(PROMPT) Your task is to write out the entire listing exactly, omitting its pictures.

(DATA TO EXAMINE)
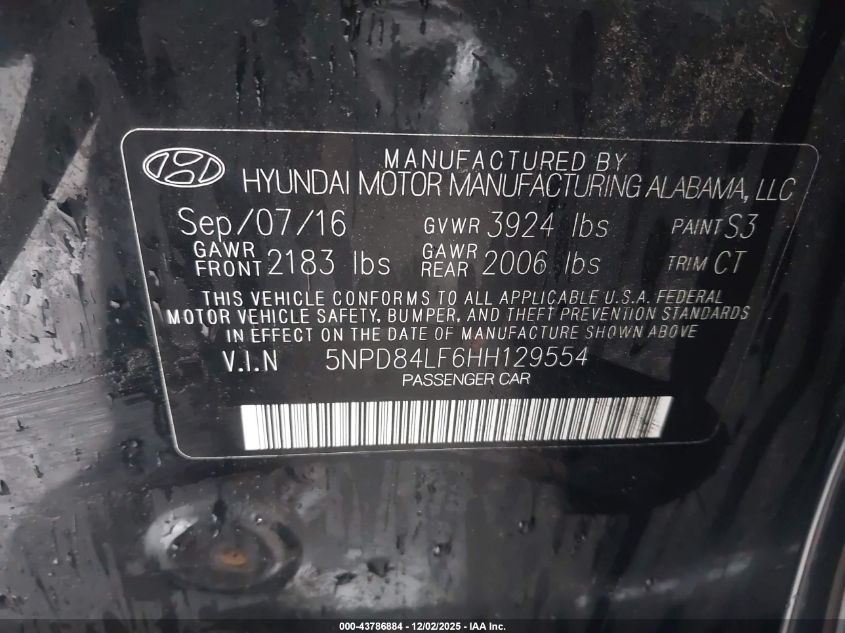 2017 HYUNDAI ELANTRA 2017 року Бензин, 2.0, Передній привід, vin - 5NPD84LF6HH129554 з США
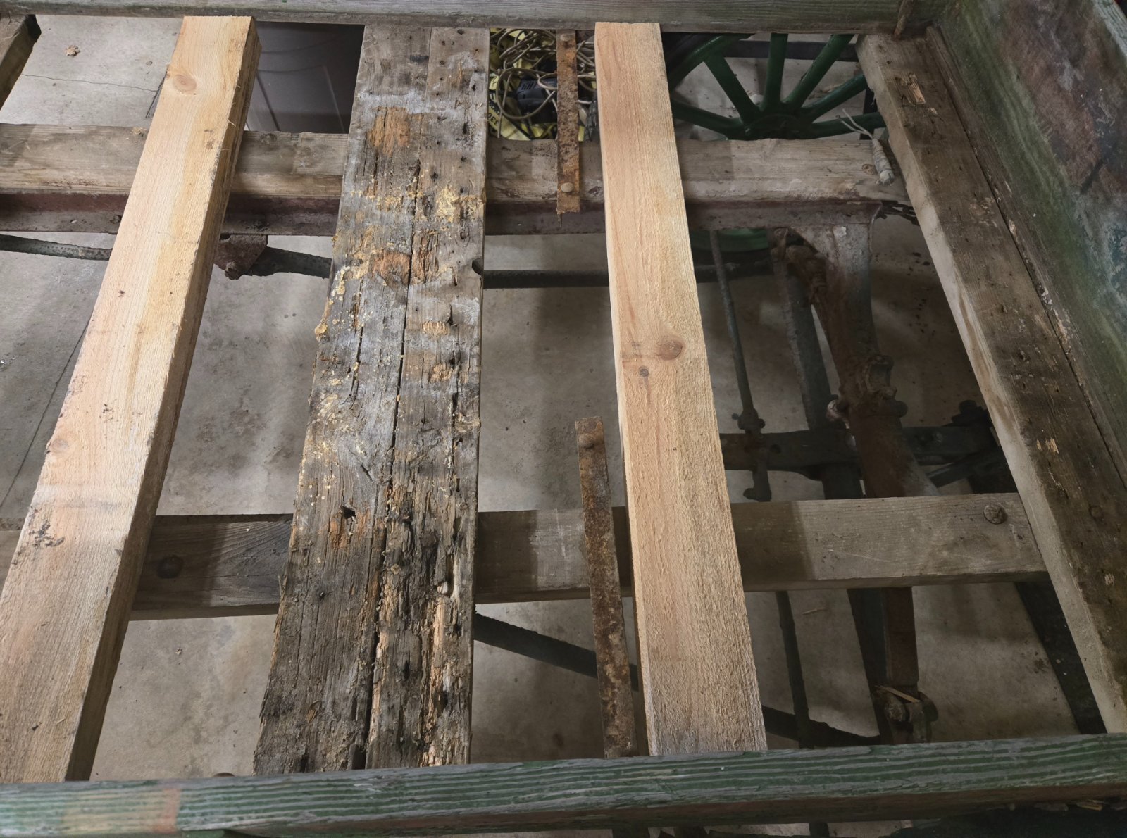 Just finished putting a new floor on the wagon. Unfortunately, it sat outside for sale for months and started growing mushrooms underneath. It's a shame that it lasted for decades under a roof just to rot in a yard. The rot on the ship lap floor was significant. I decided to try to preserve what I could and then structurally rebuild around the original bad wood. Then put flashing over the cross members. Since I will use it to collect maple sap, I left wide gaps for splashes to drain through.
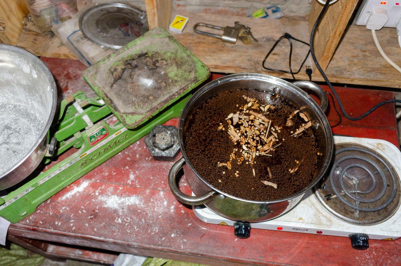 So now we have Sekenoi, charcoal, the djiko, Renča, and me, though I still have no idea what purpose I serve here. Pouring charcoal into the stove and crushing it slightly is no problem at all. It’s a moment of tension: the djiko is placed outside to avoid the smell indoors, but with no flat ground around, it has to be balanced just right to keep the tea pot steady. The tension stems from Sekenoi’s firm belief that the djiko is steady, contrasted with Renča’s certainty that it’s so off-kilter it will take both the stove and the pot down with it. To me, the whole thing is pure fun, and I can’t help but throw in a bit more fuel to the fire.
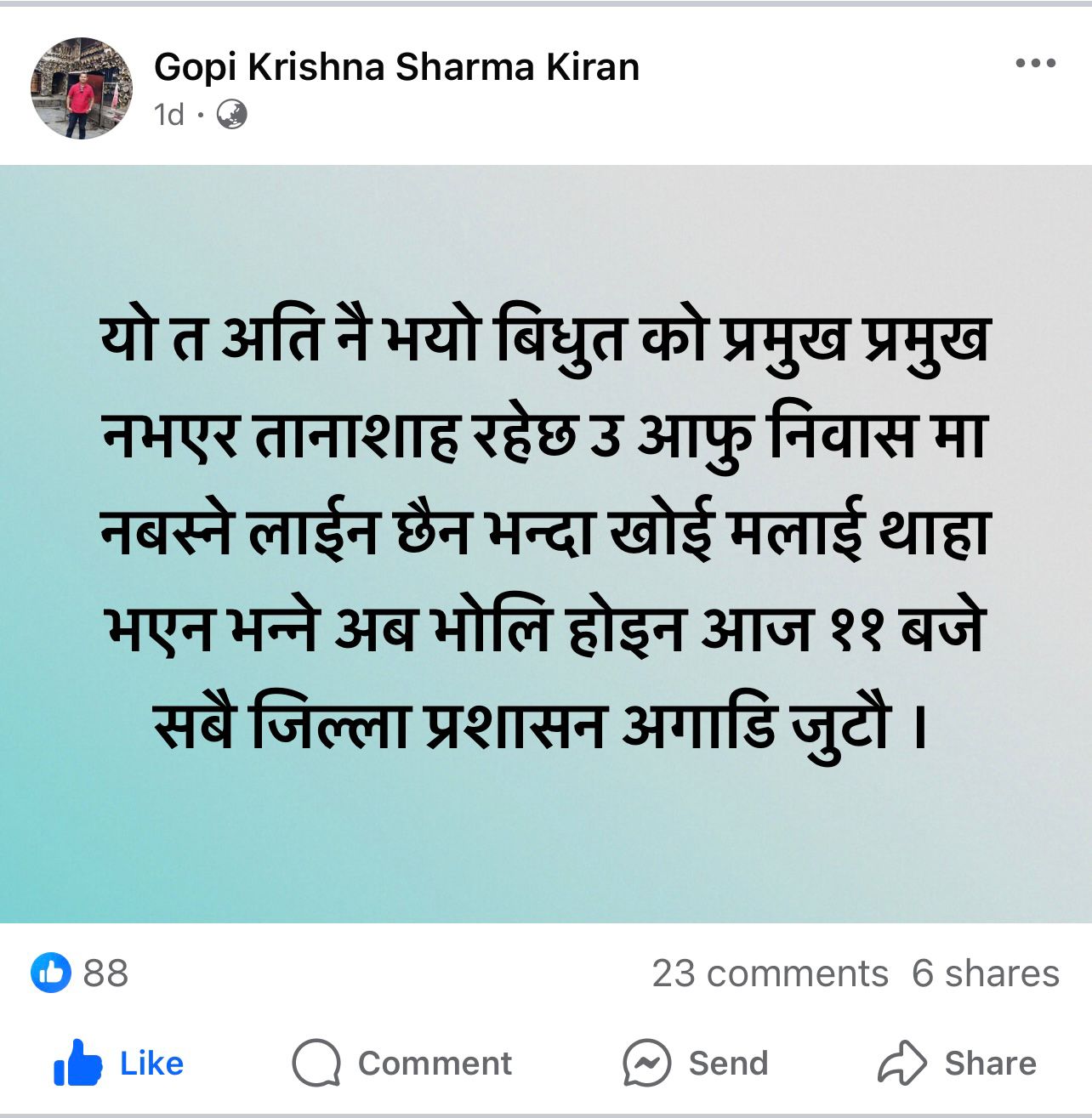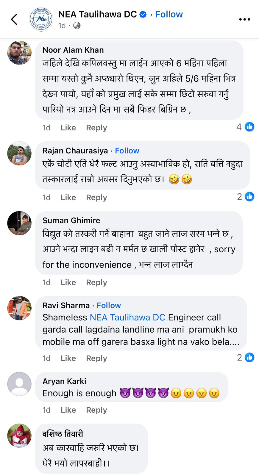 सामाजिक संजालमा समेत विद्युत प्राधिकरण विरुद्ध गाली तथा गुनासोको बाढी नै आएको छ । सहज अवस्थामा समेत पटक पटक विद्युत अवरुद्ध गरिदिने, पानी पर्नसाथ लाइन जाने र हाकिमको सेवाग्राही संग बोल्ने शैली र काम प्रतिको वेवास्ताले समेत स्थानीयबासीहरु रुष्ट बन्दै गएका छन् ।
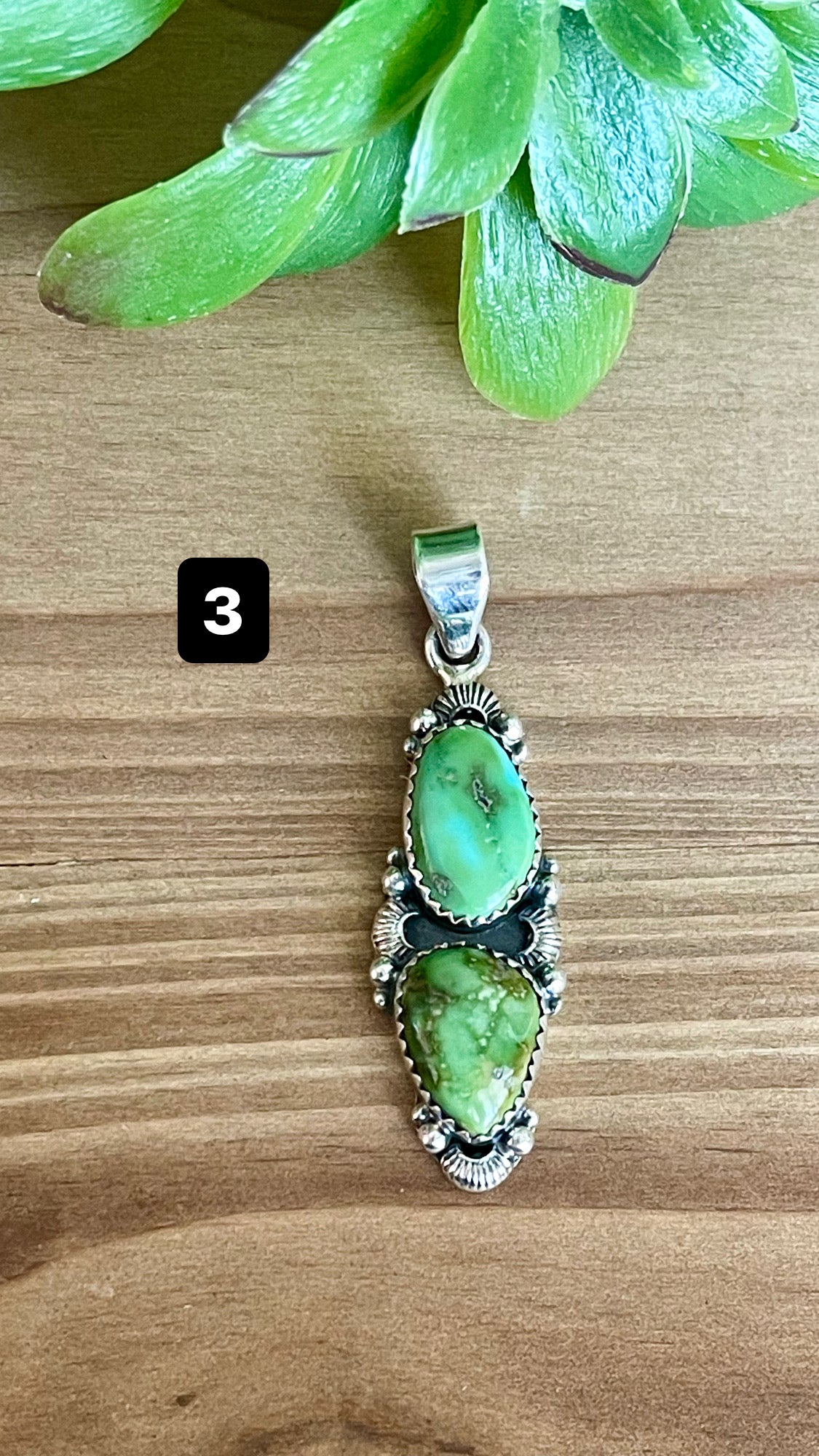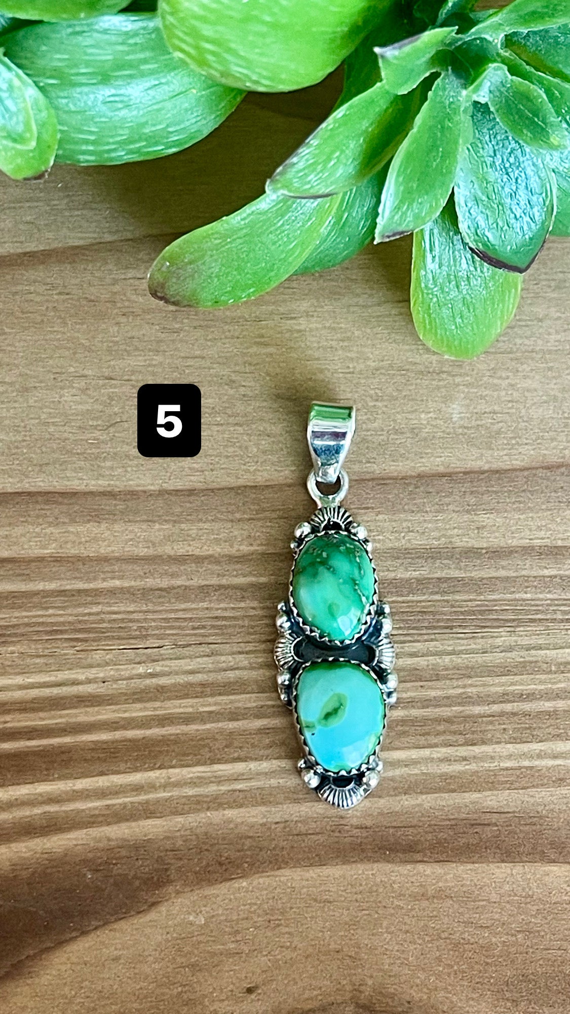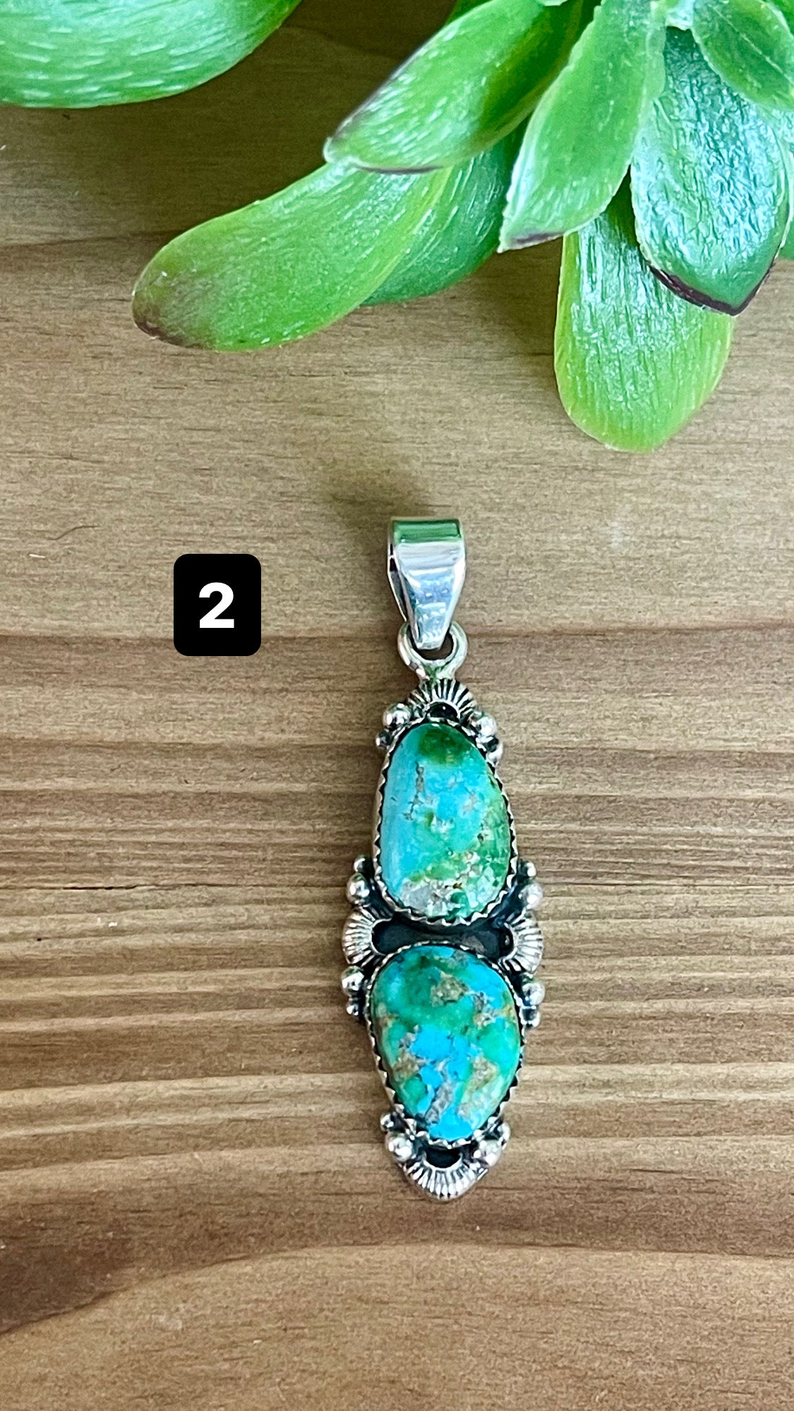 Beautiful craftsmanship. Southwest Handmade Sonoran Mountain Turquoise & Sterling Silver Cluster Pendant. It measures 1 3/4 inches long and 1/2 of an inch wide. Pendant Only. Signed by the artist and stamped sterling silver.
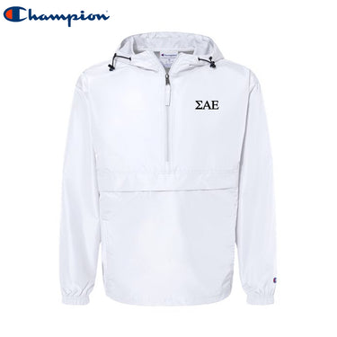 This SAE Champion windbreaker is sleek and durable to last you through your college days! Whether you're caught in the rain on campus or celebrating a windy win for your school this wind and water-resistant jacket is all you'll need. This windbreaker comes with subtle Sigma Alpha Epsilon Greek letters on the left chest.
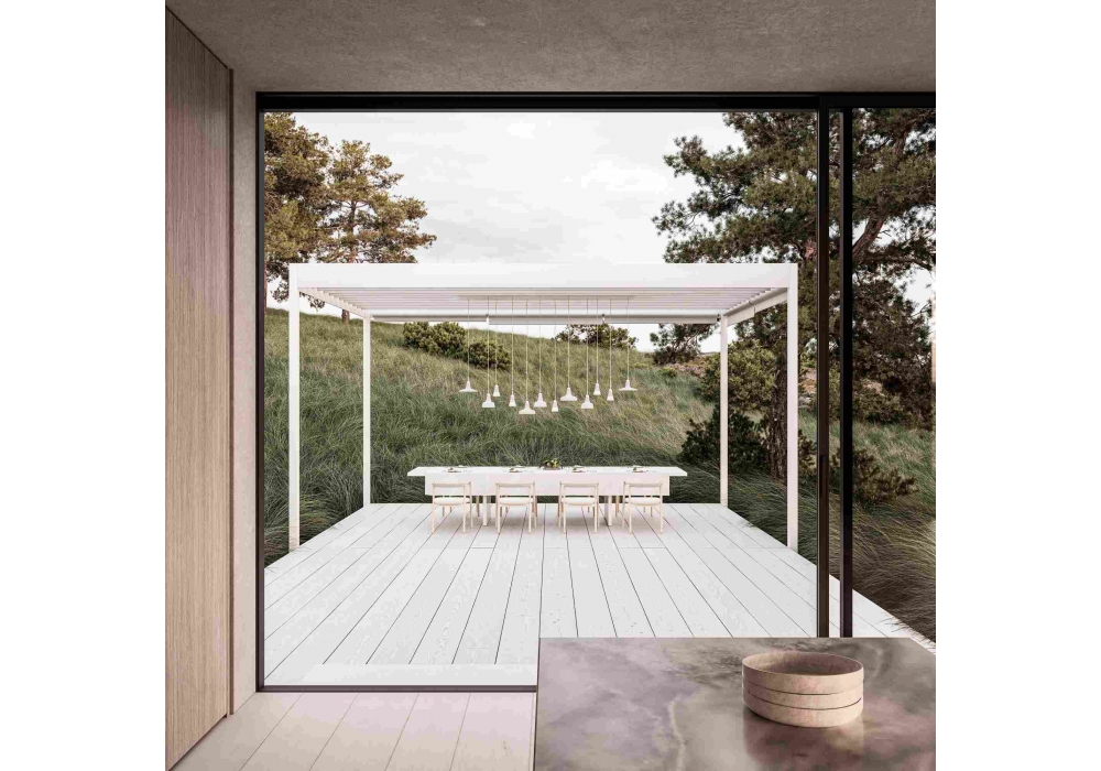Shadows Exterior, von Lucie Koldová und Dan Yeffet für Brokis entworfen, ist eine Hängeleuchte für den Außenbereich mit einem Diffusor aus mundgeblasenem Glas mit polierter oder säuregeätzter Oberfläche und einer dimmbaren LED-Lichtquelle. Die Metallrosette ist in der Farbe des Leuchtenhalses gehalten.

(WRITTEN ANSWER)
 2017 HYUNDAI ELANTRA 2017 року Бензин, 2.0, Передній привід, vin - 5NPD84LF6HH129554 з США
 Just finished putting a new floor on the wagon. Unfortunately, it sat outside for sale for months and started growing mushrooms underneath. It's a shame that it lasted for decades under a roof just to rot in a yard. The rot on the ship lap floor was significant. I decided to try to preserve what I could and then structurally rebuild around the original bad wood. Then put flashing over the cross members. Since I will use it to collect maple sap, I left wide gaps for splashes to drain through.
 So now we have Sekenoi, charcoal, the djiko, Renča, and me, though I still have no idea what purpose I serve here. Pouring charcoal into the stove and crushing it slightly is no problem at all. It’s a moment of tension: the djiko is placed outside to avoid the smell indoors, but with no flat ground around, it has to be balanced just right to keep the tea pot steady. The tension stems from Sekenoi’s firm belief that the djiko is steady, contrasted with Renča’s certainty that it’s so off-kilter it will take both the stove and the pot down with it. To me, the whole thing is pure fun, and I can’t help but throw in a bit more fuel to the fire.
 सामाजिक संजालमा समेत विद्युत प्राधिकरण विरुद्ध गाली तथा गुनासोको बाढी नै आएको छ । सहज अवस्थामा समेत पटक पटक विद्युत अवरुद्ध गरिदिने, पानी पर्नसाथ लाइन जाने र हाकिमको सेवाग्राही संग बोल्ने शैली र काम प्रतिको वेवास्ताले समेत स्थानीयबासीहरु रुष्ट बन्दै गएका छन् ।
 Beautiful craftsmanship. Southwest Handmade Sonoran Mountain Turquoise & Sterling Silver Cluster Pendant. It measures 1 3/4 inches long and 1/2 of an inch wide. Pendant Only. Signed by the artist and stamped sterling silver.
 This SAE Champion windbreaker is sleek and durable to last you through your college days! Whether you're caught in the rain on campus or celebrating a windy win for your school this wind and water-resistant jacket is all you'll need. This windbreaker comes with subtle Sigma Alpha Epsilon Greek letters on the left chest.
Shadows Exterior, von Lucie Koldová und Dan Yeffet für Brokis entworfen, ist eine Hängeleuchte für den Außenbereich mit einem Diffusor aus mundgeblasenem Glas mit polierter oder säuregeätzter Oberfläche und einer dimmbaren LED-Lichtquelle. Die Metallrosette ist in der Farbe des Leuchtenhalses gehalten.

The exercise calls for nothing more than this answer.